Search code examples
pythondeep-learningpytorchgpuclassification

Data shuffling changes gpu memory use drastically


I'm having a problem with a pytorch-ignite classification model. The code is quite long, so I'd like to first ask if anyone can explain this behavior in theory.

I am doing many classifications in a row. In each iteration, I select a subset of my data randomly and perform classification. My results were quite poor (accuracy ~ 0.6). I realized that in each iteration my training dataset is not balanced. I have a lot more class 0 data than class 1; so in a random selection, there tends to be more data from class 0.

So, I modified the selection procedure: I randomly select a N data points from class 1, then select N data points from class 0, then concatenate these two together (so the label order is like [1111111100000000] ). Finally, I shuffle this list to mix the labels before feeding it to the network.

The problem is, with this new data selection, my gpu runs out of memory within seconds. This was odd since with the first data selectin policy the code ran for tens of hours.

I retraced my steps: Turns out, if I do not shuffle my data in the end, meaning, if I keep the [1111111100000000] order, all is well. If I do shuffle the data, I need to reduce my batch_size by a factor of 5 or more so the code doesn't crash due to running out of gpu memory.

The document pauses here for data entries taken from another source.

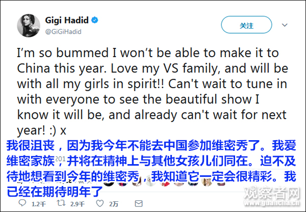 先是超模吉吉·哈迪德(Gigi Hadid)11月17日在推特上確認缺席。
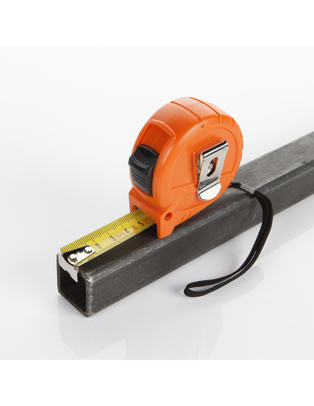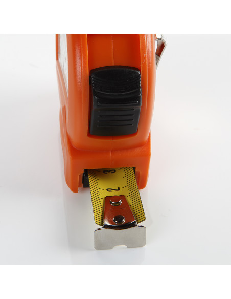 Flexometro de cinta metálica con lectura métrica, pestaña de acero, carcasa plástica con freno de rebobinado HR Alyco
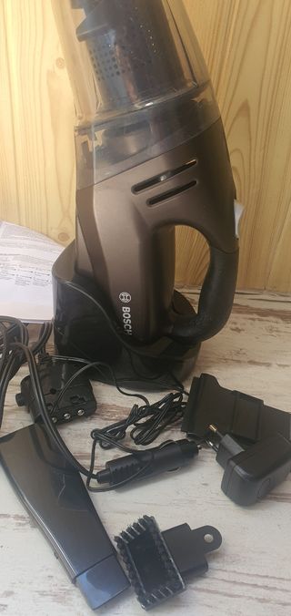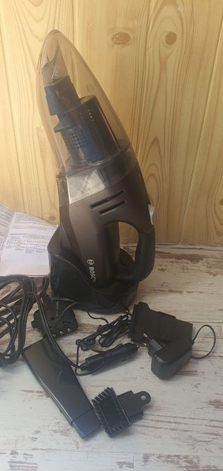 Aspiradora de mano Bosch en perfecto estado. Es compacta y fácil de usar. - Incluye varios accesorios para diferentes superficies. - Diseño elegante y moderno en color marrón oscuro. - Se entrega con su base de carga y todos los accesorios que se ven en las fotos.
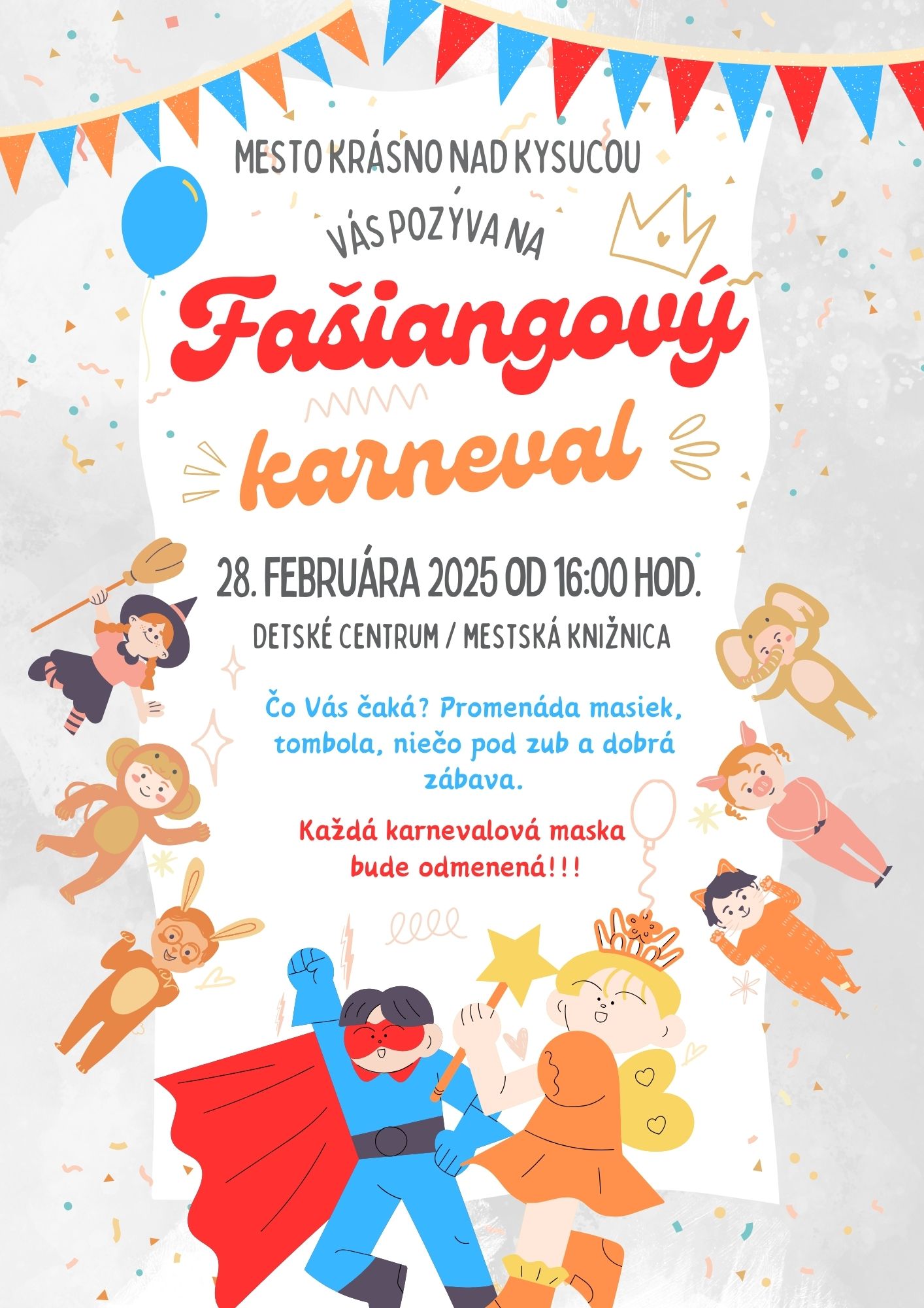 Pozvané sú všetky deti spolu so svojimi rodičmi v maskách, ktorí majú chuť prísť sa zabaviť!
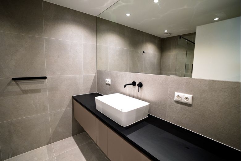 Das Badezimmer wurde wie ein kleiner Spa gestaltet: große Fliesen, eine offene
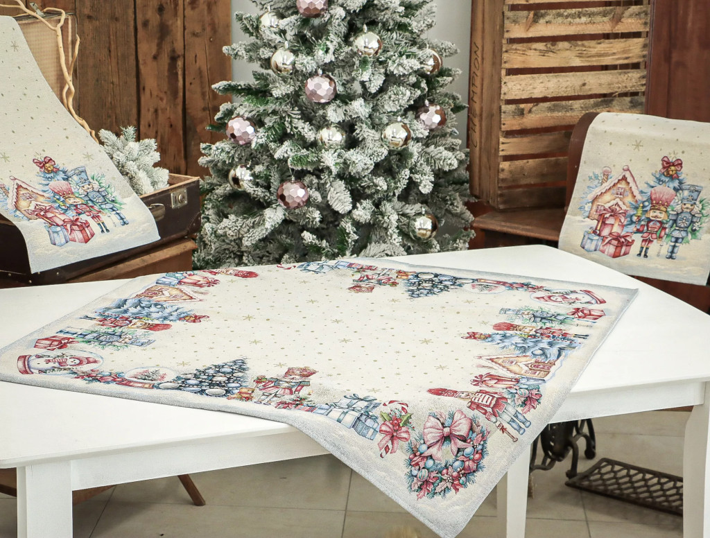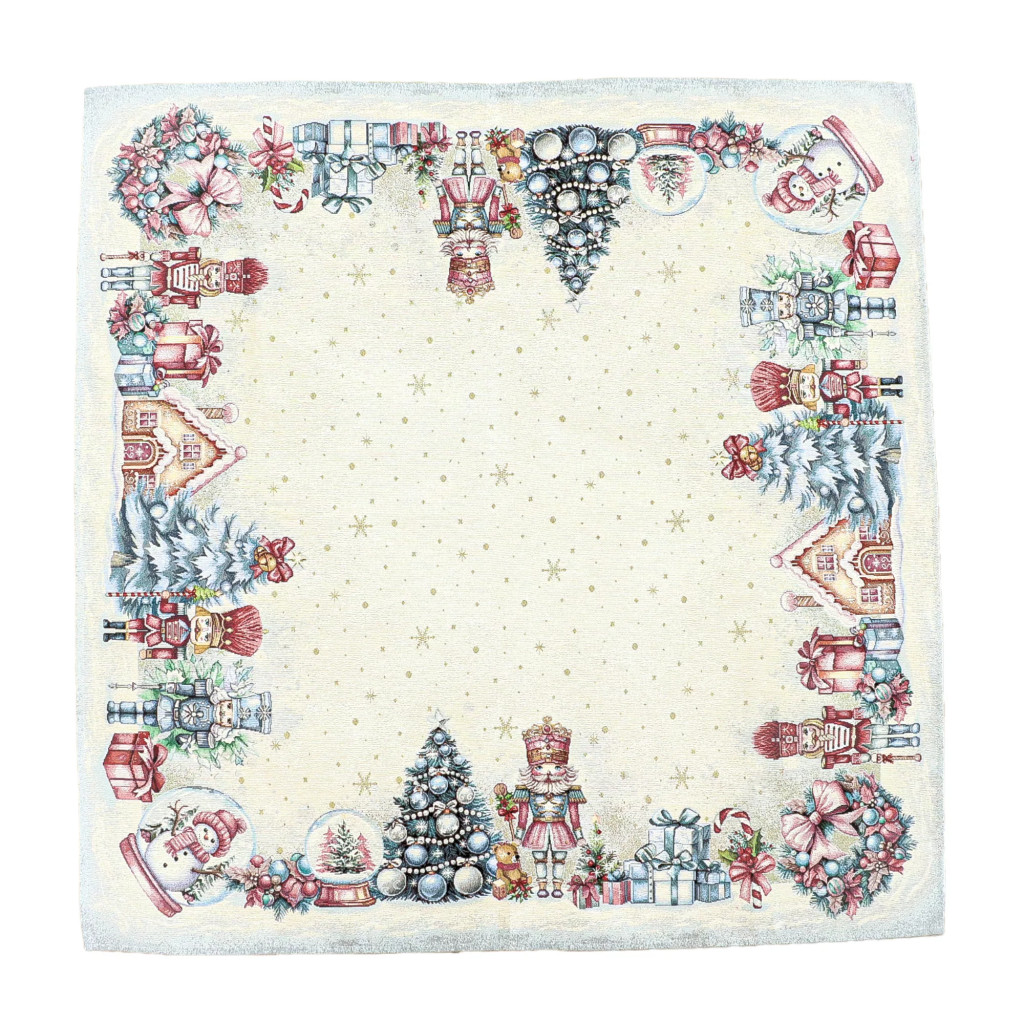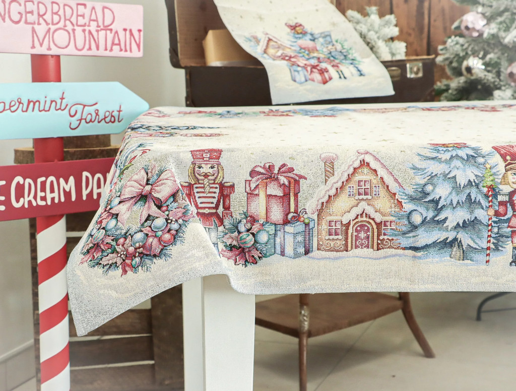 Teremts mesés ünnepi hangulatot ezzel a diótörős gépi gobelin asztalterítővel! A terítő mintázatán diótörő figurák, feldíszített karácsonyfák, ajándékcsomagok, mézeskalács házikók és karácsonyi gömbök jelennek meg. A középrész világos, finom arany pöttyökkel és hópelyhekkel díszített, így elegánsan emeli ki az asztali dekorációt vagy a tálalást. Tökéletes választás ünnepi családi vacsorákhoz, vendégségekhez vagy karácsonyi dekorációként komódra, kávézóasztalra is.
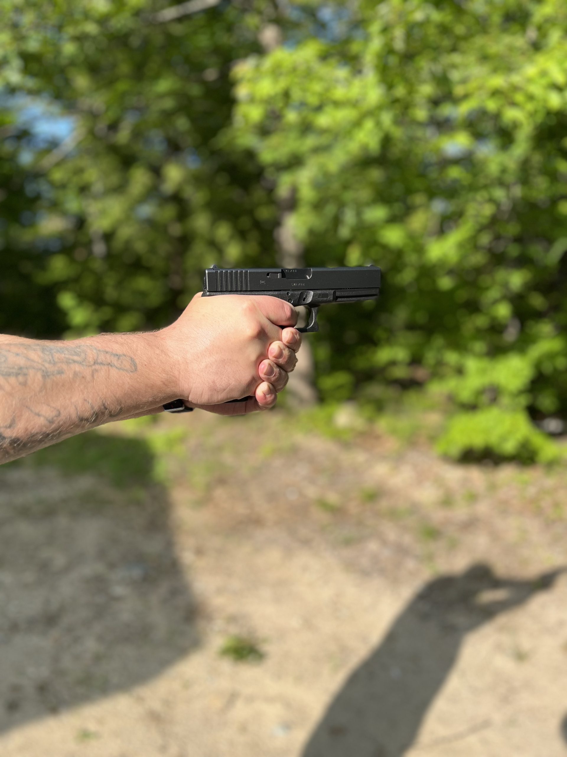 To test grip texture, I coat my hands in mineral oil to simulate blood. The Glock 21 was slick in my hands, in a one- and two-handed grip. I was still able to control it and hit my target. I had to adjust my grip multiple times during rapid fire which was detrimental to accuracy.
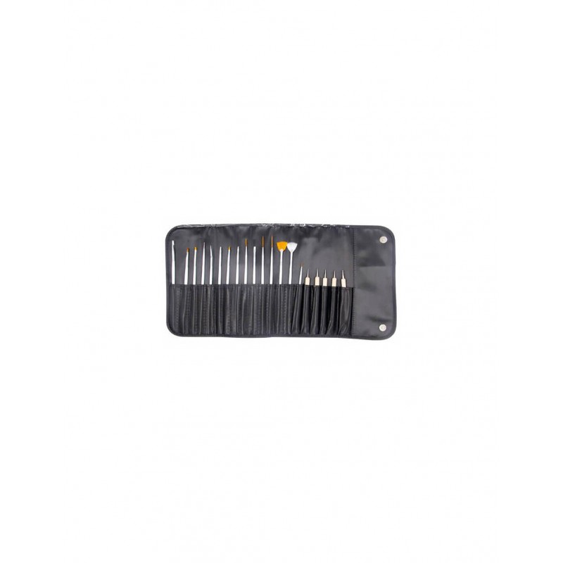 Este conjunto incluye 15 pinceles de nail art, cada uno con una doble punta, lo que suma un total de 30 opciones para la creación de diseños. Cada pincel tiene una punta metálica fina en cada extremo, lo que permite una precisión excepcional al pintar y decorar las uñas.
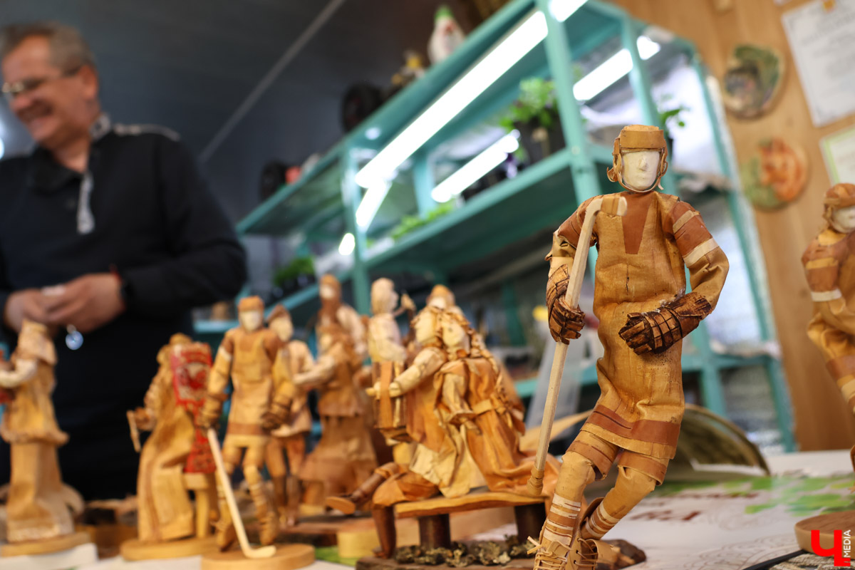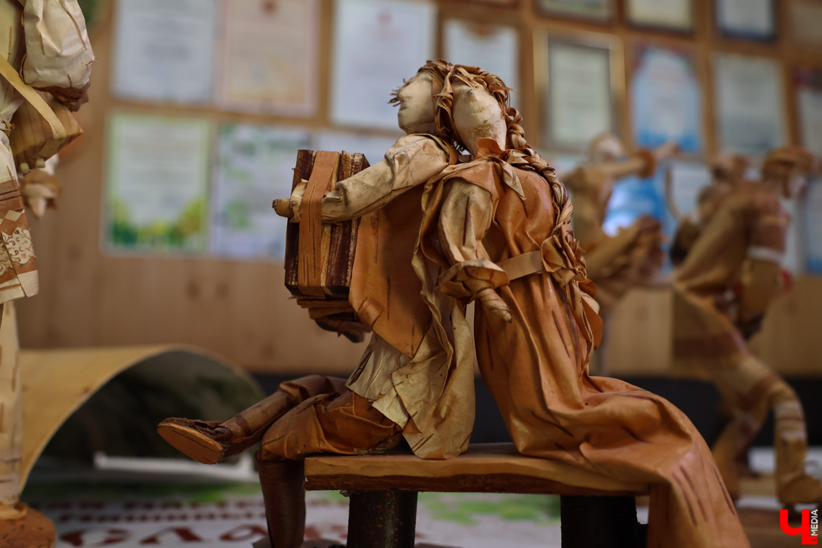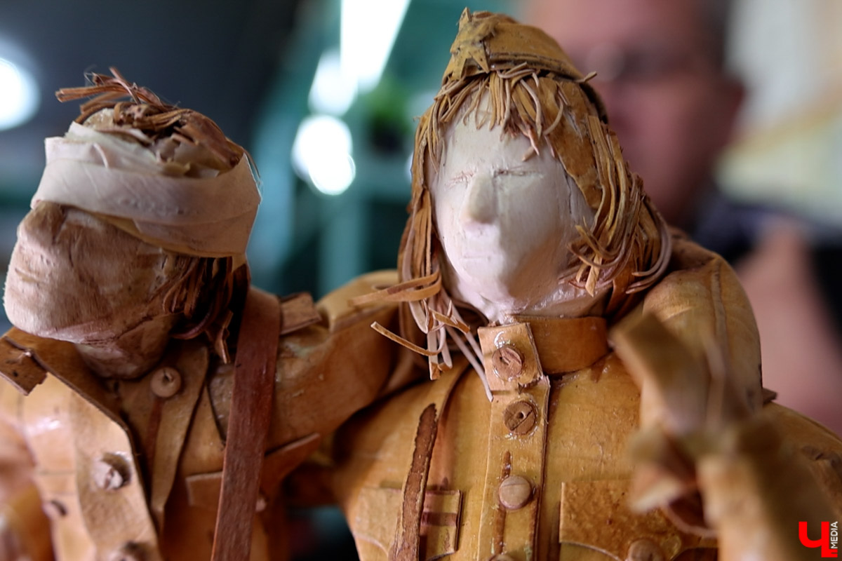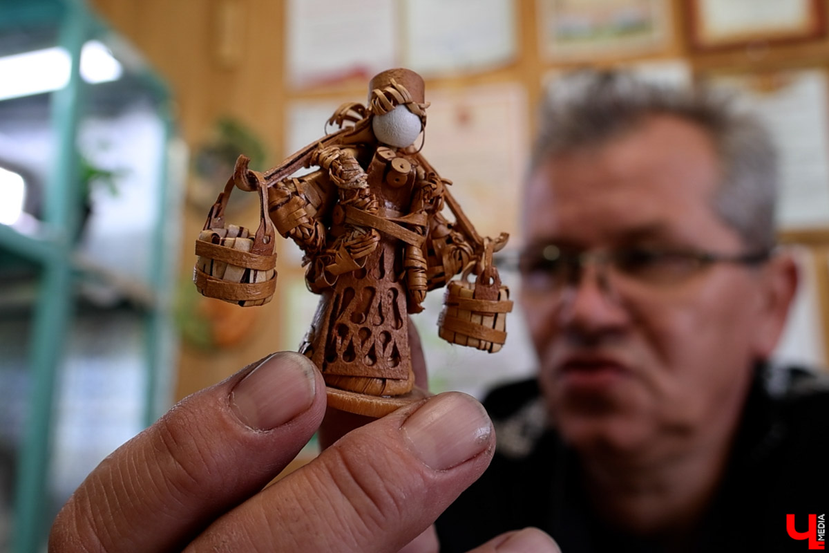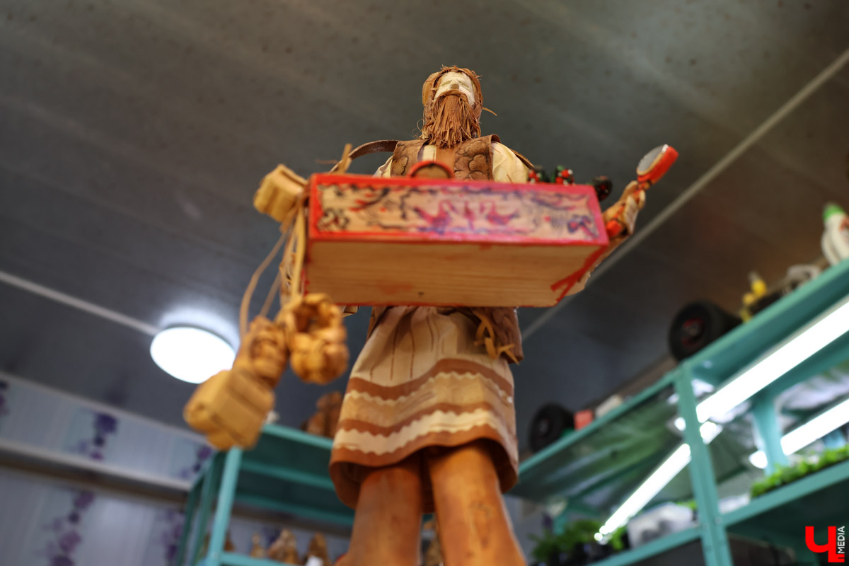 Вы видели когда-нибудь скульптурные композиции из бересты? Если нет, самое время заглянуть в гости к мастеру из Юрьев-Польского района Григорию Мишину. В этом году его работа вошла в число лучших сувениров Золотого кольца. Судьи отметили коробейника, выполненного из коры березы. Хотя на главный приз могла претендовать любая фигура: от хоккеистов до русской барышни с самоваром или балерины в пачке и на пуантах. Все куклы выполнены в единственном экземпляре и каждая настоящий шедевр.
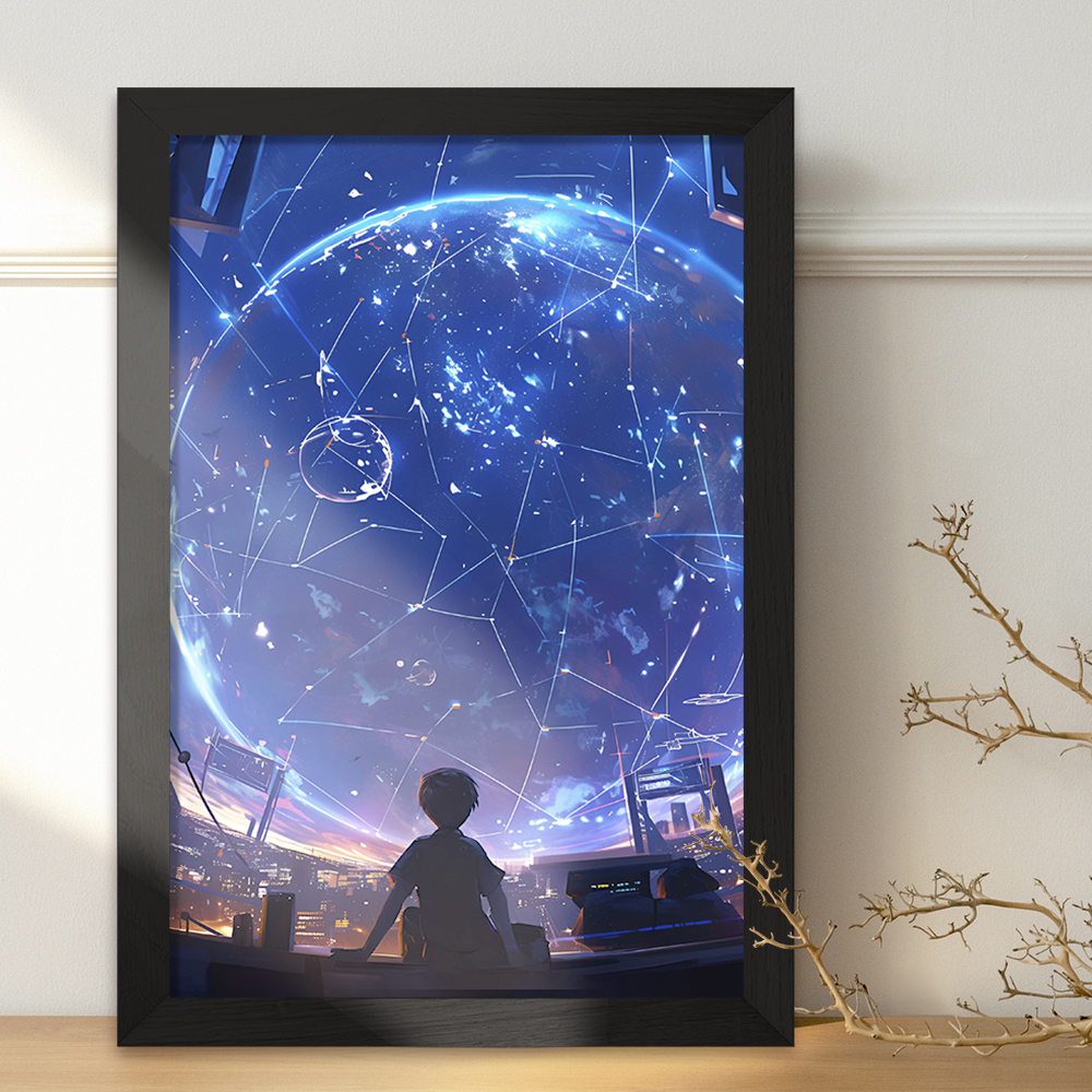تابلو یا قاب عکس آسمان شب خندالو در ابعاد مختلف با استفاده از بهترین برند پروفیل پی وی سی دو سانتی متری بسیار مرغوب، تولید شده اند و در مونتاژ و نصب آنها نهایت دقت در قرارگیری هر چه دقیق تر لبه ها به یکدیگر صورت گرفته است. همچنین در پشت قاب ها گیره ای برای اتصال راحت به دیوار تعبیه شده است. چاپ طرح تابلوی آسمان شب با بالاترین کیفیت بوسیله چاپگرهای دیجیتال شش رنگ و کاغذ با کیفیت عکاسی انجام شده و بر روی آن شیشه ای با کیفیت و شفاف در سطح قاب قرار گرفته که از کاغذ عکس محافظت میکند. بسته بندی تابلوها جعبه های مقاوم و محکمی بوده که علاوه بر محافظتی که از بدنه قاب می کند، ظاهر جذابی دارد و تابلوی آسمان شب را بدل به محصولی مناسب هدیه کرده است. تابلوهای خندالو با تنوع طرحی بسیار بالا شامل تابلو های دکوراتیو قابل استفاده در اتاق کودک، محل کار و منازل می باشد که سلیقه هر مخاطبی را پوشش می دهد، ضمن اینکه امکان تعویض عکس موجود در قاب وجود داشته و می توان عکس های خانوادگی و … را نیز در آن قرار داد.

Any idea what is happening here? Is this to be expected?


Solution

  • I found the solution to my problem. But I don't really understand the details of why it works: When trying to choose a batch_size at first, I chose 90. 64 was slow, I was worried 128 was going to be too large, and a quick googling let me to believe keeping to powers of 2 shouldn't matter much. Turns out, it does matter! At least, when your classification training data is balanced. As soon as I changed my batch_size to a power of 2, there was no memory overflow. In fact, I ran the whole thing on a batch_size of 128 and there was no problem :)